For a while I gave up. I knew, honestly, that I had a one in a million shot at getting my puppy. I stopped asking about it, but never forgot about getting one. Never once in my mind did I think about just forgetting about getting a pup. When Christmas came, I thought maybe I could be one of those Lucky people who get little Christmas pups with little candy cane collars, and bows on their ears. I looked on Craigslist and one puppy stood out to me, a sable male. I got the person that was selling the pups email off of their add and asked my mom just to ask if the puppy was still there, and if they could send a few pictures. She said," yes I will ask them. But we ARE NOT getting that dog!" Well the pup was still there, and he did send pictures. Me AND my mom fell in love with the puppy. She thought he was the cutest thing in the world, and I guess she wanted him now. She got out her phone and sent a text to my step dad who said "fine, I am never helping you with that puppy. I won't help potty train it, I won't help with anything." 
We rushed to the pet store and got puppy food and a collar. By the time we got the the house the pup was at it was 11:00 at night. We rushed to the door and knocked, and they opened it with the pup in their hands. They gave him to us, and we payed them. I finally got my puppy! 

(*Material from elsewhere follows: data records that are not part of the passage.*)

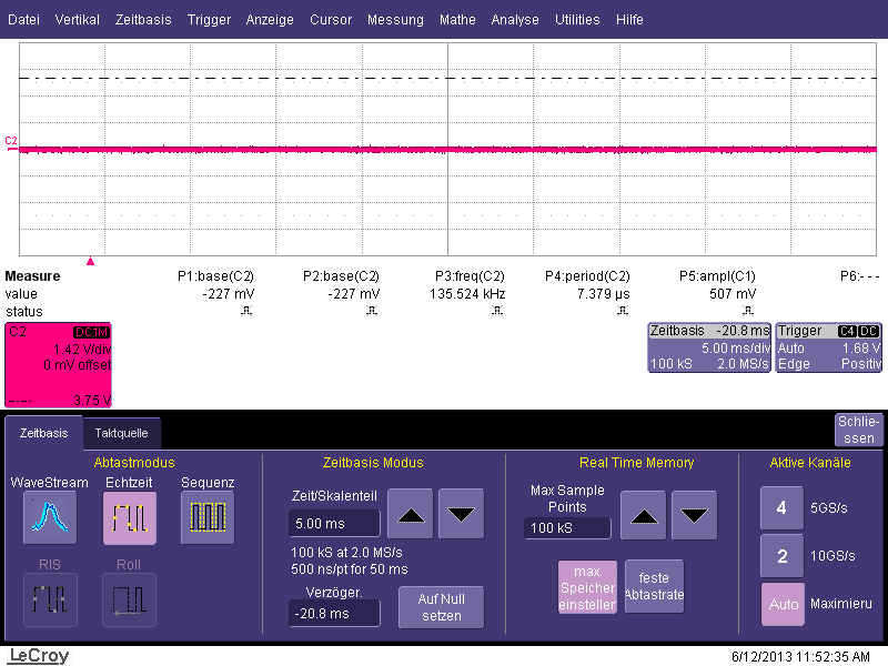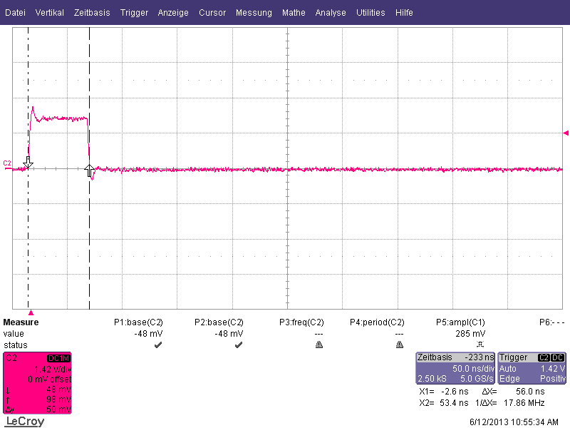 Doch da kommen mehre clocks. Es handelt sich definitiv um ein kontinuierliches Signal welches die Framerate eines Sensors steuert. Wenn ich z.B. 360 Hz einstelle, bekomme ich das gerade so noch getriggert. Alles unter 200 Hz verschluckt mein Oszi aber. Wenn ich 10 ms einstelle, sieht man auch das da mehrere clocks kommen, allerdings springt die Anzeige dan so stark, das die Messung nicht zu gebrauchen ist. Ich habe hier das LeCroy WaveRunner 104Xi-A 1 GHz, 4ch, 5 GS/s, 12.5 Mpts/Ch (10 GS/s, 25 Mpts/Ch in interleaved mode) Single-Shot Sample Rate/Ch 5 GS/s on 4 Ch 10 GS/s on 2 Ch Random Interleaved Sampling (RIS) 200 GS/s, user selectable for repetitive signals (100 ps/div to 10 ns/div) Maximum Trigger Rate 1,250,000 waveforms/second (in Sequence Mode, up to 4 channels) Intersegment Time 800 ns Standard Memory (4 Ch 2 Ch 1Ch) (Number of Segments) 12.5 M 25 M 25M (10,000) => Ich messe auf Kanal 2! Das Signal ist auf die System-Clock synchronisiert, welche 148.5 MHz besitzt.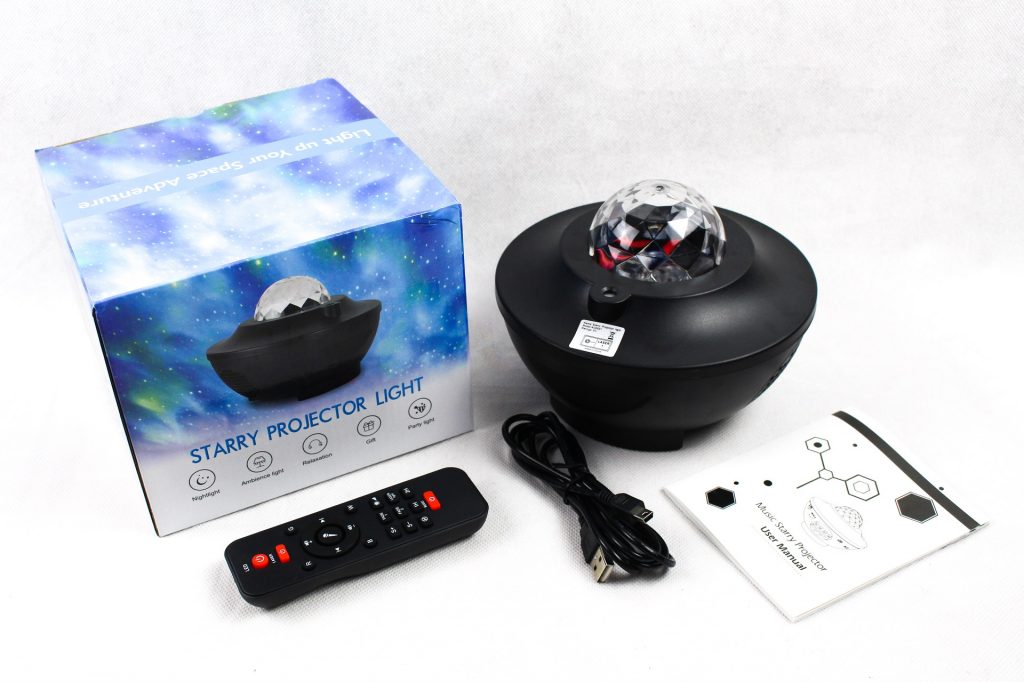 This basically includes everything you need to use the Galaxy Projector. Only a power adapter is not included. However, you can also use a power adapter from your cell phone or similar to connect it to a power outlet. Alternatively, power banks, laptops, or computers can also be used as a power source.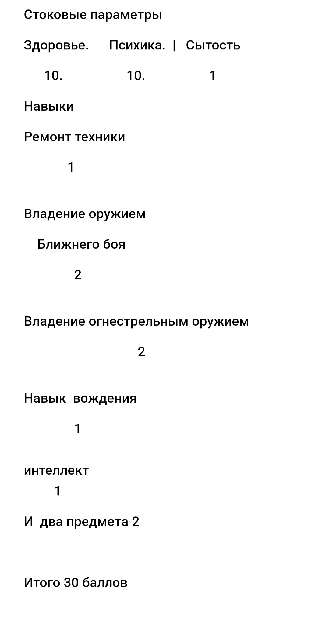 При стандартных параметрах погодных условий: Пройденный путь — напрямую зависит от навыка вождения: (0=150км) (1=200) (2=400) (3=600) (4=800) (5=1000) (можно проехать и меньше, укажите это в посте) ------------------------------------------------------ Потребление воды — в день персонажем поглощается 3 литра воды + радиатор фургона требует 5 литров на каждые 100 километров пути. К тому же персонажу необходимо мыться минимум раз в неделю, иначе он получит эффект Испачканности. ------------------------------------------------------ Потребление пищи — в день персонажу необходимо 1000 калорий для выживания. Калорийность пищи берется Опом из Интернета. ------------------------------------------------------ Потребление топлива — фургон требует 20 литров топлива на 100 километров пути. Тут все просто: остерегайтесь движковых паразитов!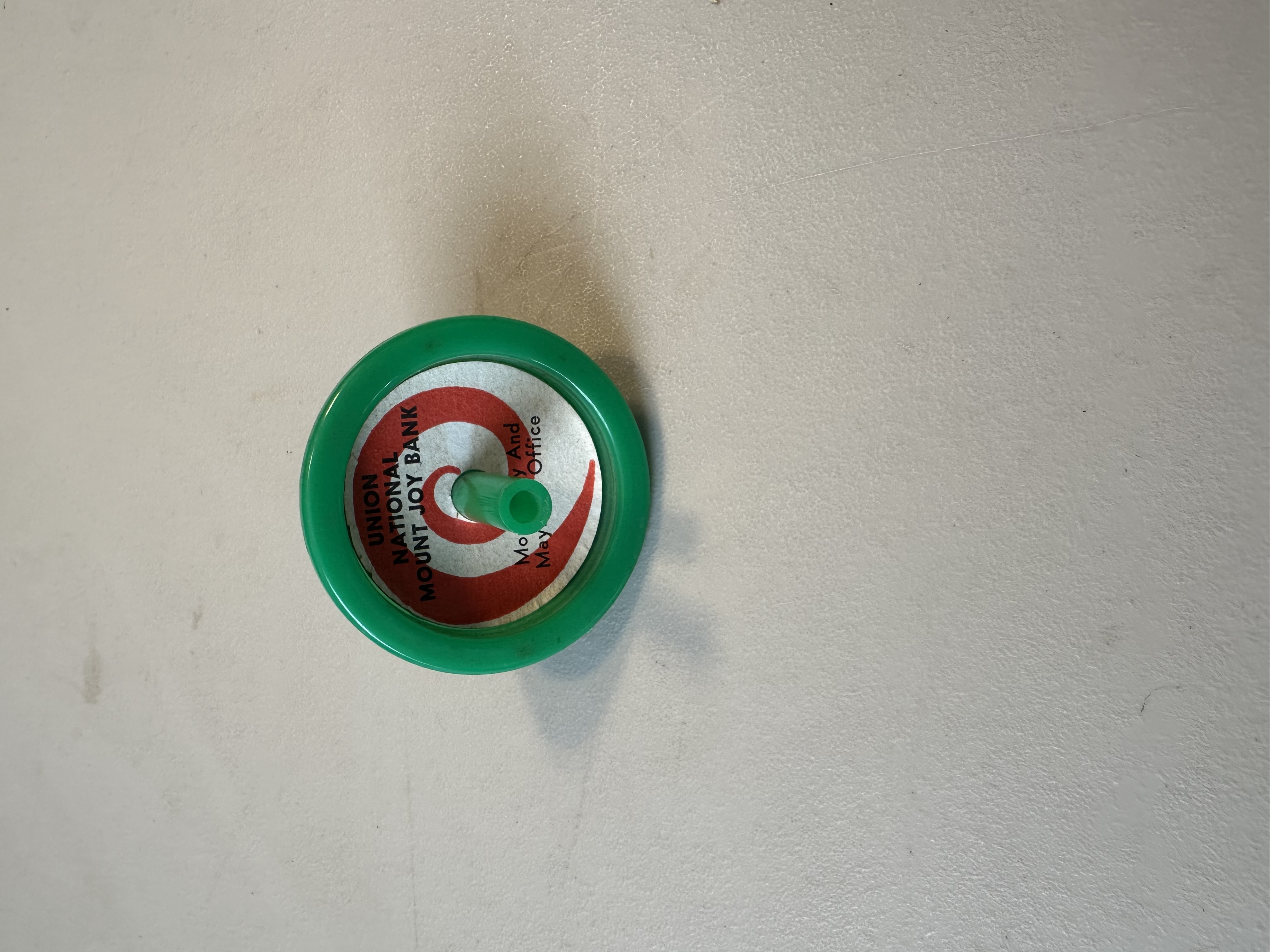 Union National Mount Joy Bank spinning top, green, Mount Joy and Maytown offices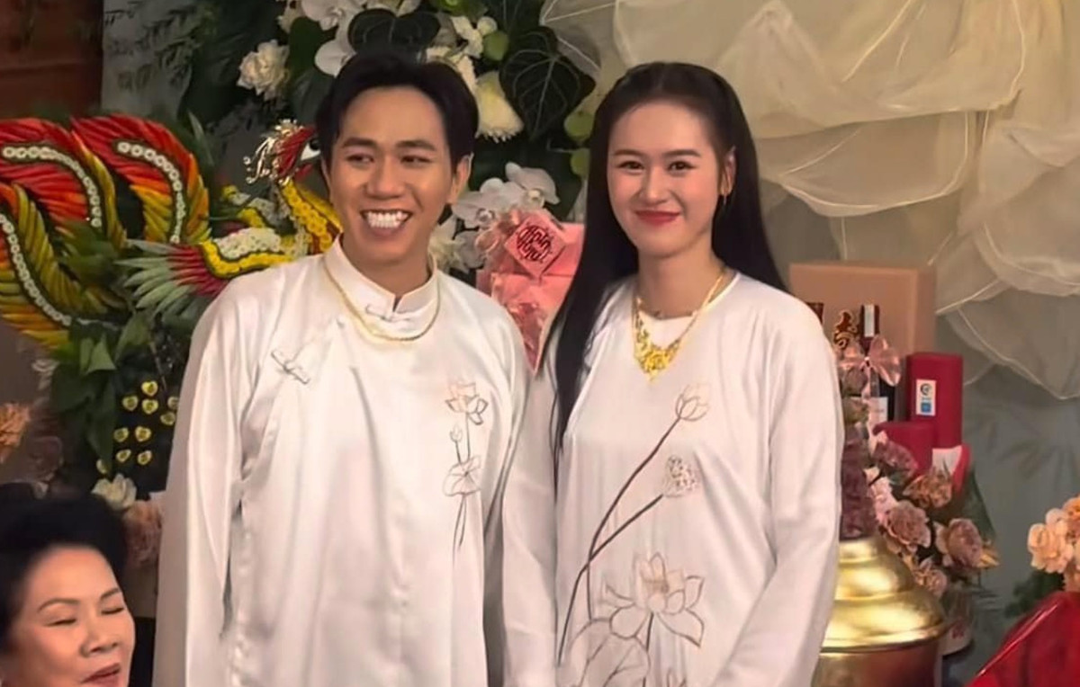 Trong ngày ra mắt gia đình nhà vợ, Anh Đức mặc áo dài trắng chất liệu lụa. Cô dâu diện trang phục truyền thống ton-sur-ton với chồng, để tóc xõa đơn giản. Suốt quá trình diễn ra buổi lễ, Quỳnh Anh liên tục có cử chỉ quan tâm Anh Đức.

Now that puppy is a year old, and some of you know that his name is Jaxx. He knows so many tricks, and is the best dog that I could have EVER wished for. He is my best friend, my protecter, my trail-walking buddy, and my goofball. We have accomplished so many things together over the past ten months. Yes, he has caused some trouble, and made me get into some fights with my parents, but looking back at all of those things they are all drowned out by all of the good things he has brought into my life. 
He has made me a better person, and has made me more responsible for sure. 
If anyone took the time to read this thank you. 



Sent from Petguide.com Free App


----------



## Xena9012 (Oct 12, 2013)

Must make you so happy to finally have the perfect dog. Jaxx sounds lovely!


----------



## Springbrz (Aug 13, 2013)

What a feel good story. So happy you and Jaxx have each other to love.


----------



## Jaxx's mom (Jul 14, 2013)

Xena9012 said:


> Must make you so happy to finally have the perfect dog. Jaxx sounds lovely!


Thanks you!


Sent from Petguide.com Free App


----------



## Jaxx's mom (Jul 14, 2013)

Springbrz said:


> What a feel good story. So happy you and Jaxx have each other to love.


Thanks! 


Sent from Petguide.com Free App


----------



## Jaxx's mom (Jul 14, 2013)

Jaxx's mom said:


> Thanks you!
> 
> 
> Sent from Petguide.com Free App


Thank*


Sent from Petguide.com Free App


----------



## selzer (May 7, 2005)

I am so happy for you. Keep up the great work with Jaxx!


----------



## Vagus (Oct 7, 2012)

I went through pretty much exactly this, and I am so happy for you that you got your perfect dog  You should post some pics of Jaxx!


----------



## Jaxx's mom (Jul 14, 2013)

Vagus said:


> I went through pretty much exactly this, and I am so happy for you that you got your perfect dog  You should post some pics of Jaxx!


Well for some reason it is not letting me post pictures right now. I will try again tomorrow though  


Sent from Petguide.com Free App


----------



## HeidiGS (Jul 8, 2013)

Great story! Hope it continues to go well.


----------



## Loneforce (Feb 12, 2012)

I am glad you finally got your dog you wanted. I am sure you will have many more stories to tell of you and Jaxx's adventures.


----------



## Jaxx's mom (Jul 14, 2013)

Just wanted to say thanks to the people that said something but didn't get a thank you. Lol I start feeling bad when I don't say thank you to people after they say something nice. 


Sent from Petguide.com Free App


----------